Adını üç sayı ( a , b ve c ) içeren bir işlemin varlığından alır .
Üç kuralı, zaman içinde sabit hızda kat edilen mesafeler, ev ekonomisinde ağırlığa göre ödenecek fiyat veya laboratuvar teknolojisindeki dozaj sorunları gibi orantılılık sorunlarını çözmek için kullanılabilecek bir yöntemdir . Özellikle yüzdelerin hesaplanmasında, birim dönüştürme problemlerinin çözümünde , Thales teoreminin uygulanmasında veya koordinatlarını kullanarak düzlemin iki vektörünün eşdoğrusallığının karakterizasyonunda bulunur .

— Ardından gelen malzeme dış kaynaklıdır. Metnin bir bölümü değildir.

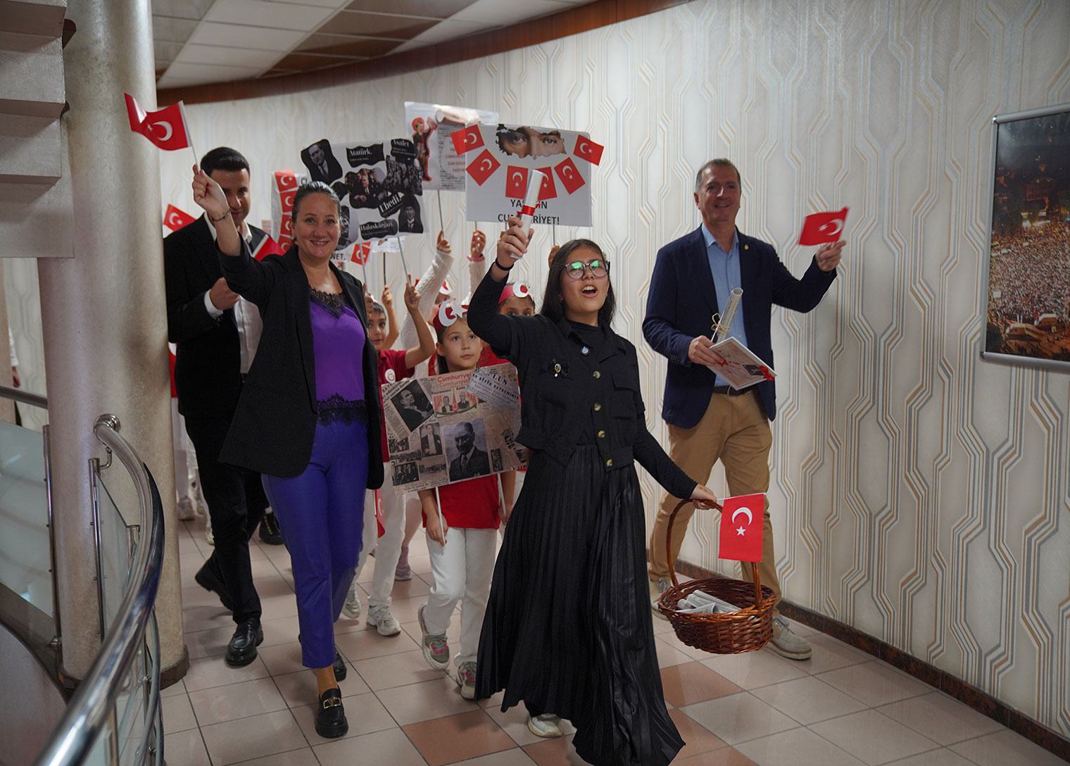 29 Ekim Cumhuriyet Bayramı’na sayılı günler kala, Cumhuriyetin 102. yılı coşkusu Tuzla Belediyesi’nde başladı. Tuzla Belediyesi Akademi Çocuk öğrencileri, ellerindeki “Cumhuriyet ilan edildi” pankartlarıyla belediye binasını ziyaret ederek, tüm müdürlüklerde bayram sevincini paylaştı.
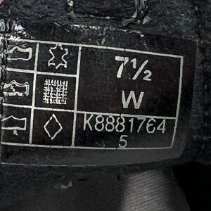 Comfort shoe with leather upper with cutout design, adjustable leather strap, removable footbed, polyurethane outsoles. Color: metallic brown. Preowned in like new condition. Clean uppers, insoles, and outsoles. Very little signs of wear.
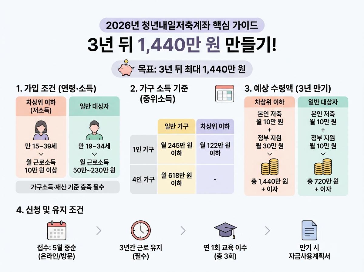 2026년 청년내일저축계좌 4월 가입 조건, 기준 중위소득, 신청 방법 및 모의계산을 통한 예상 수령액을 총정리했습니다.
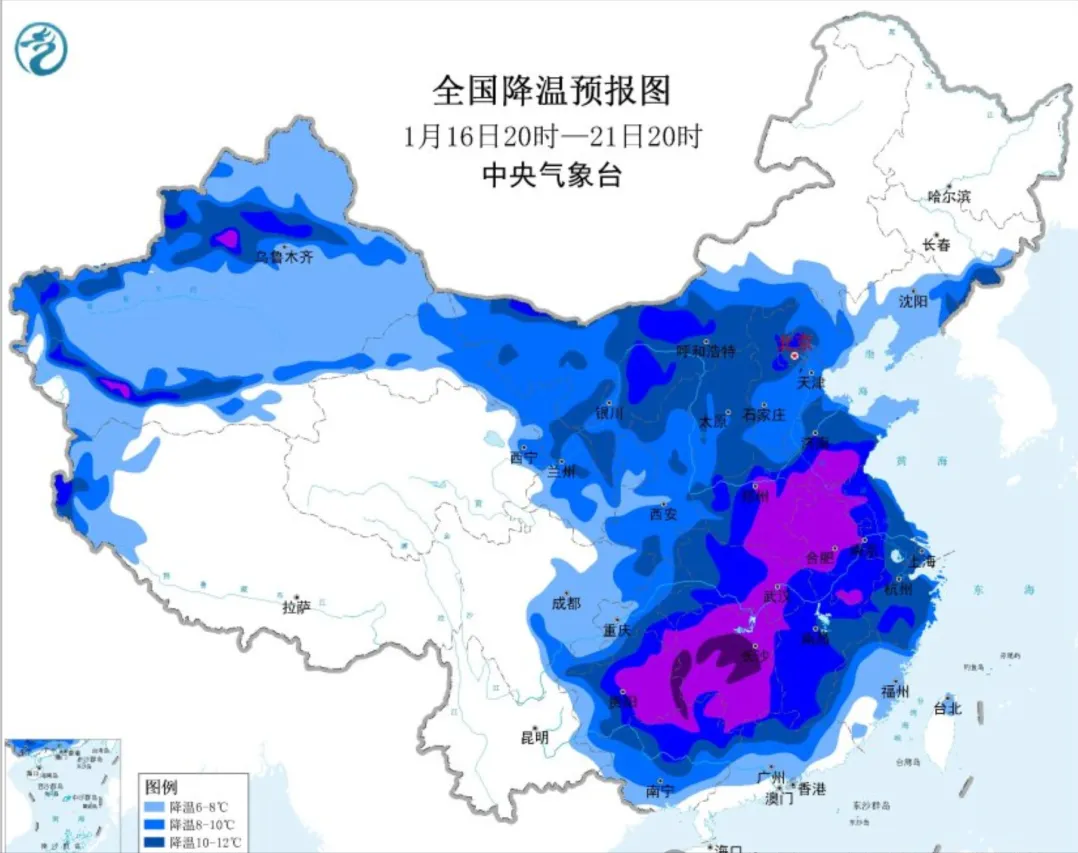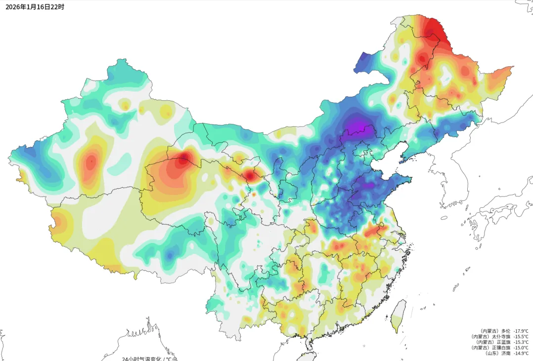 大家都非常关注的大寒潮,已经在阿尔泰山-蒙古高原北部-贝加尔湖-大兴安岭一线集结完毕,冷心所在的中西伯利亚南部已经降到-55度。1月16日晚,寒潮西路主力来到新疆天山边,乌鲁木齐狂风大作,出现风吹雪、白毛风景象;寒潮东路小分队也进入华北西北,内蒙古、陕甘宁、山西、京津冀、河南和山东也刮了点小风,降了十来度。

Üç kuralının sunulma şekli ve Fransız eğitiminde yer aldığı yer zaman zaman değişiklik göstermiştir. Onun öğrenmesiyle ortaya çıkan soru, tarifler sağlayan bir öğretimin destekçileri ile yapım aşamasında olan anlaşılır bir bilgiyi sunan bir öğretimin destekçileri arasındaki bir çekişme noktasıdır.
Ekonomide satın alınan miktara göre ödenecek fiyat veya haritadaki mesafeler ile yerdeki mesafeler arasındaki ilişkiler gibi iki değişken arasında bariz bir orantılılık olduğunda üç kuralı kullanılır. Yani aşağıdaki üç problem üç kural ile çözülebilir.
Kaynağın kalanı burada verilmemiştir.